Global cues were mixed as positive sentiments around better than expected US payroll data was offset by inflationary concerns post US Senate’s passage of a $1.9 trillion stimulus bill. Even sharp jump in Brent crude oil price, which was above the $70 per barrel-mark concerned the market. On the domestic side, Nifty ended the volatile session on a flat note but managed to close higher after declining in the previous two sessions. Oil and gas stocks were in traction today after crude futures surged to above $70 per barrel post an attack on the Saudi Arabia oil production facilities. UPL, GAIL, L&T, ONGC and HCL Tech were among the top gainers, while losers included Bajaj Finance, UltraTech Cement, IndusInd Bank, Shree Cements and Bajaj Auto.

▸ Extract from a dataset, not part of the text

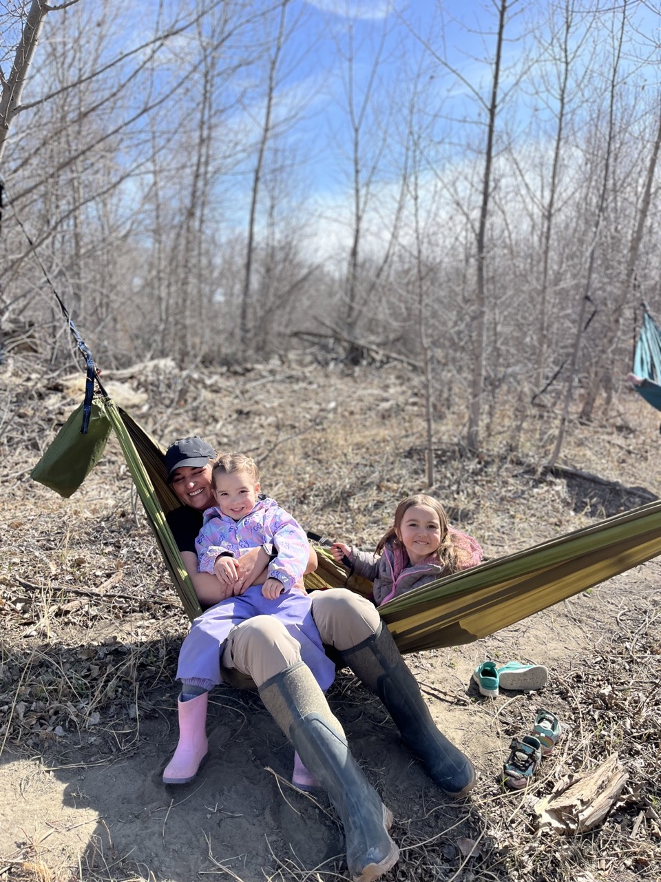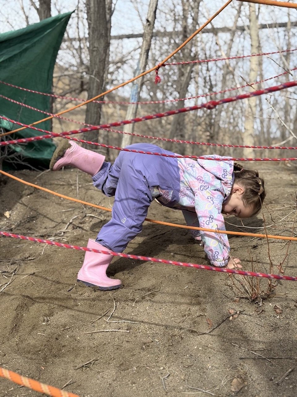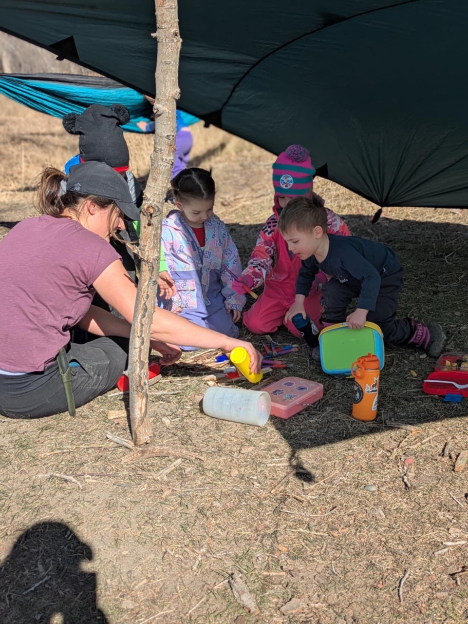 It was a beautiful day ahead, and the kids were eager to get going! With the sounds of geese honking in the background, we settled in for a day filled with adventure—tackling a rope obstacle course, relaxing in hammocks, getting creative in the mud kitchen, playing in the sand, and painting.

Technically, Nifty formed a small Bearish candle on daily scale with long upper shadow which indicates limited upside with absence of direction. Now, it has to cross and hold above 15000 to witness an up move towards 15150-15250 while on the downside immediate support exists at 14800-14700 levels. India VIX fell down by 3.5% to 24.67 levels. VIX is turning highly volatile in broader range of 21.80 to 29.64 from last ten trading sessions. Cool down in VIX below 21-20 zones is required for bullish grip.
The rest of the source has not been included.